Getting Started with Hyperparameter Tuning

In this section, you will learn what is needed to get hyperparameter tuning up and running. We will look at an example where a deep learning language model is trained on natural language text.

What is Hyperparameter Tuning?

When solving a business problem with machine learning, there are parts which can be automated by spending compute resources, and other parts require human expert attention and choices to be made. By automating some of the more tedious parts of the latter, hyperparameter tuning shifts the needle between these cost factors. Like any other smart tool, it saves you time to concentrate on where your strengths really lie, and where you can create the most value.

At a high level, hyperparameter tuning finds configurations of a system which optimize a target metric (or several ones, as we will see later). We can try any configuration from a configuration space, but each evaluation of the system has a cost and takes time. The main challenge of hyperparameter tuning is to run as few trials as possible, so that total costs are minimal. Also, if possible, trials should be run in parallel, so that the total experiment time is minimal.

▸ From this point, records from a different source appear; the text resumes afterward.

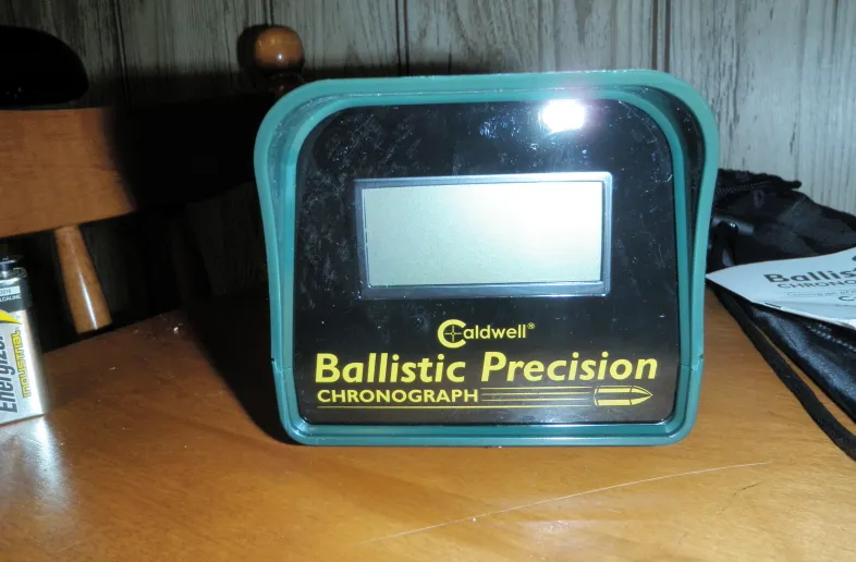 this chrono was used once to verify speed of one of my loads for moose rifle after that put away ,clean like new all components and carry bag in new condition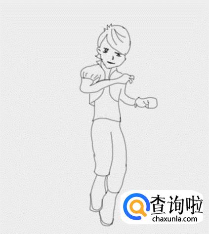 再画出王子的身体,然后在身体的下面画出王子的两条腿及脚部,如图所示: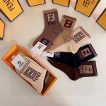 / 特 配包装 Fendi 芬迪 新款经典中长款羽毛纱堆堆袜袜子!一盒五双, 专柜同步筒款袜子,大牌出街,潮人必备超好
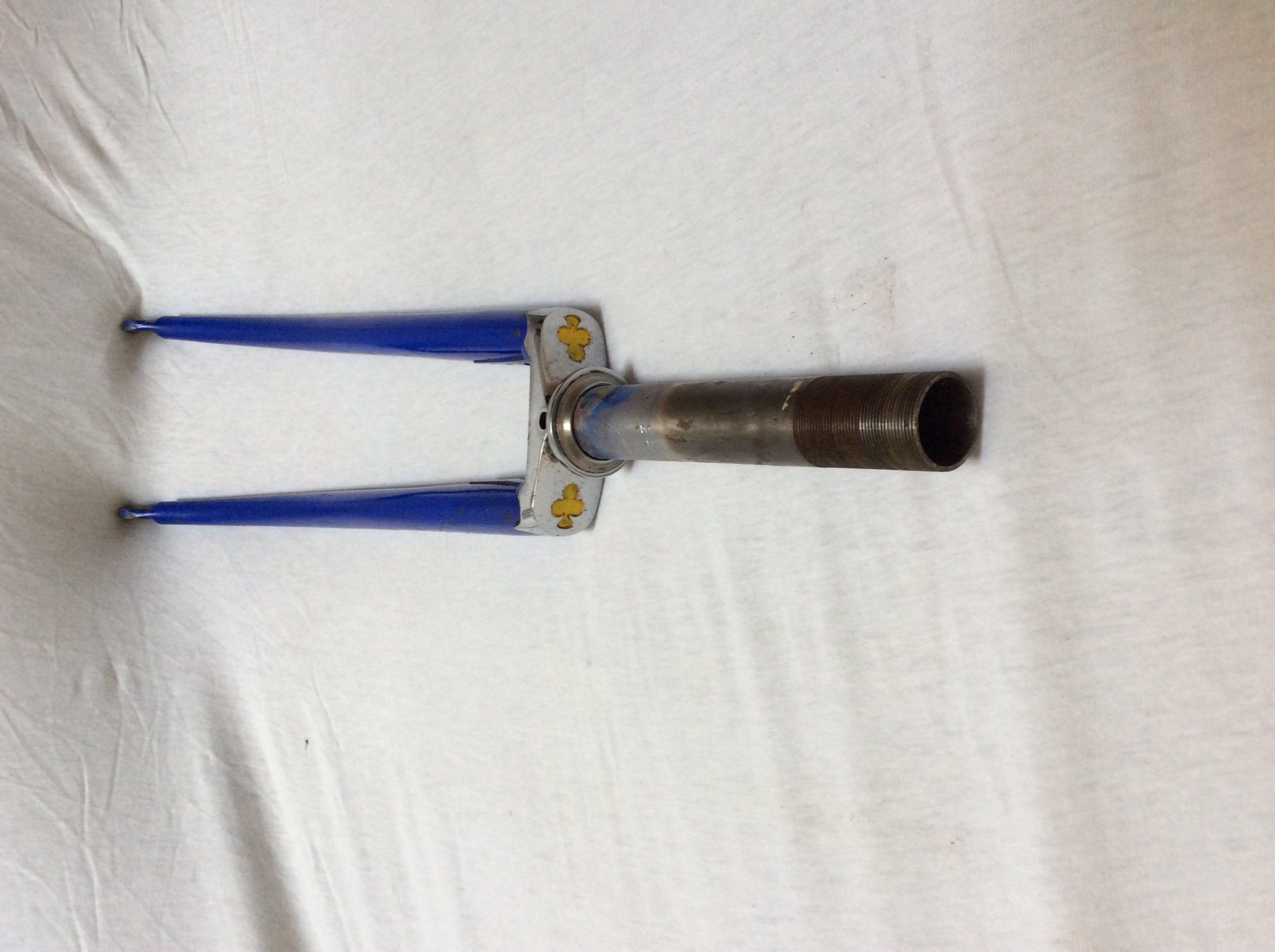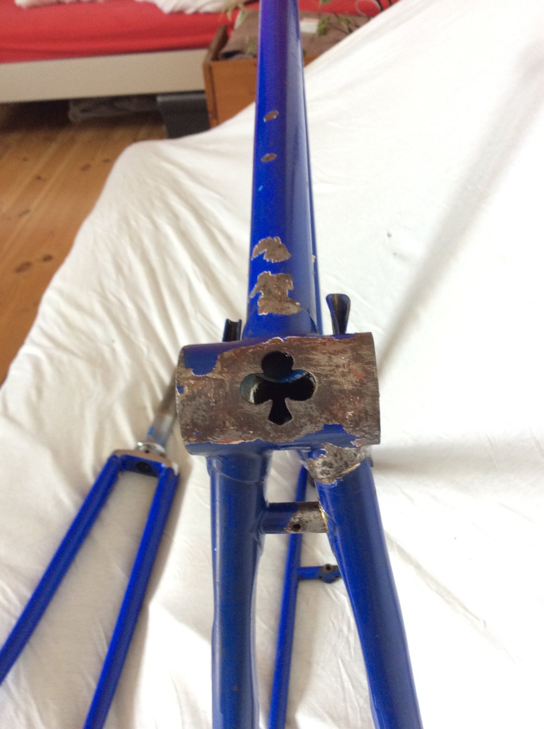 Habe mich mal an die ersten groben Roststellen gesetzt: die verchromte Gabelkrone ist glaube kein Thema, das geht sehr gut mit Polieren weg (reines Baumwolltuch, ein bisschen WD-40). Am Tretlager ist`s schon harziger, denke aber, das bekommt man auch hin. Der Rost scheint sich zumindest noch nicht durchgefressen zu haben, sondern noch recht oberflächig zu sein.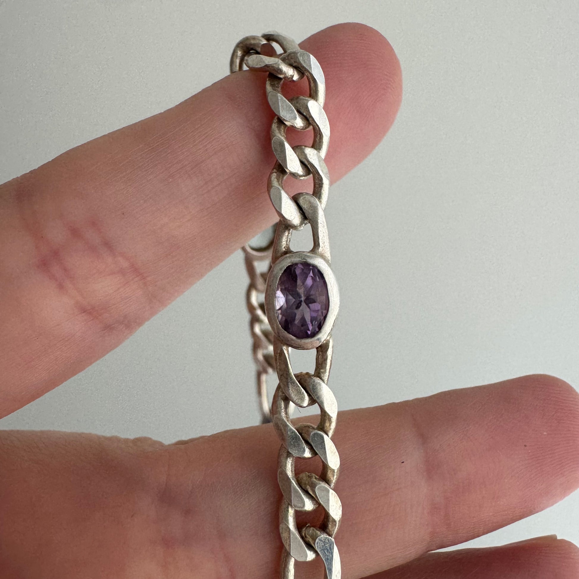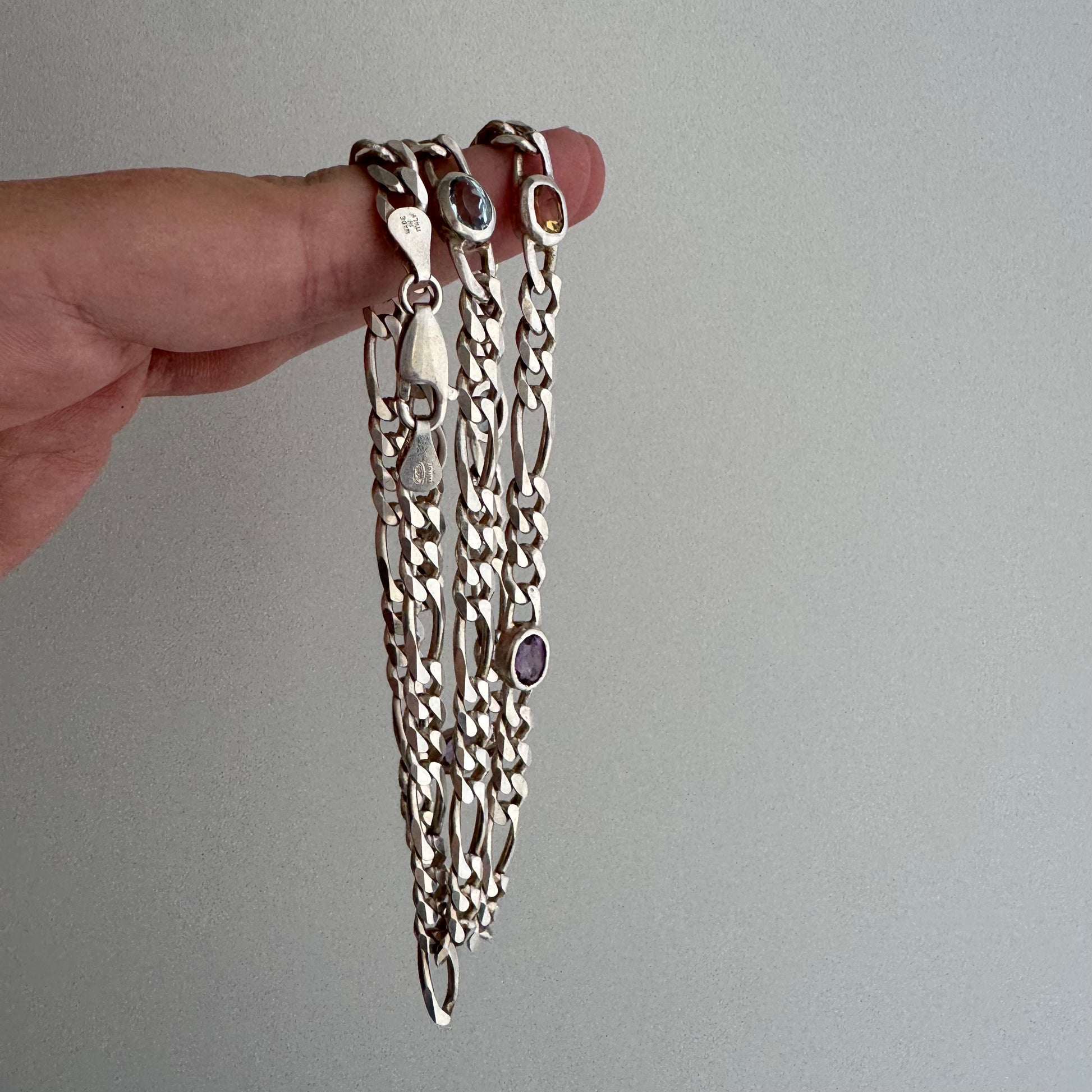 a classic Italian sterling silver three-to-one figaro chain in a longer, bold length and this one has a delightful addition: bezel-set semiprecious stones! the stones repeat their order: blue, yellow, purple, which means that there isn't symmetry when worn, which is a nice quirk

In this tutorial, we will mostly be focussed on making decisions and tuning free parameters in the context of training machine learning models on data, so their predictions can be used as part of a solution to a business problem. There are many other steps between the initial need and a deployed solution, such as understanding business requirements, collecting, cleaning and labeling data, monitoring and maintenance. Some of these can be addressed with automated tuning as well, others need different tools.

A common paradigm for decision-making and parameter tuning is to try a number of different configurations and select the best in the end.

A trial consists of training a model on a part of the data (the training data). Here, training is an automated process (for example, stochastic gradient descent on weight and biases of a neural network model), given a configuration (e.g., what learning rate is used, what batch size, etc.). Then, the trained model is evaluated on another part of the data (validation data, disjoint from training data), giving rise to a quality metric (e.g., validation error, AUC, F1), or even several ones. For small datasets, we can also use cross-validation, by repeating training and evaluation on a number of different splits, reporting the average of validation metrics.
This metric value (or values) is the response of the system to a configuration. Note that the response is stochastic: if we run again with the same configuration, we may get a different value. This is because training has random elements (e.g., initial weights are sampled, ordering of training data).

Enough high level and definitions, let us dive into an example.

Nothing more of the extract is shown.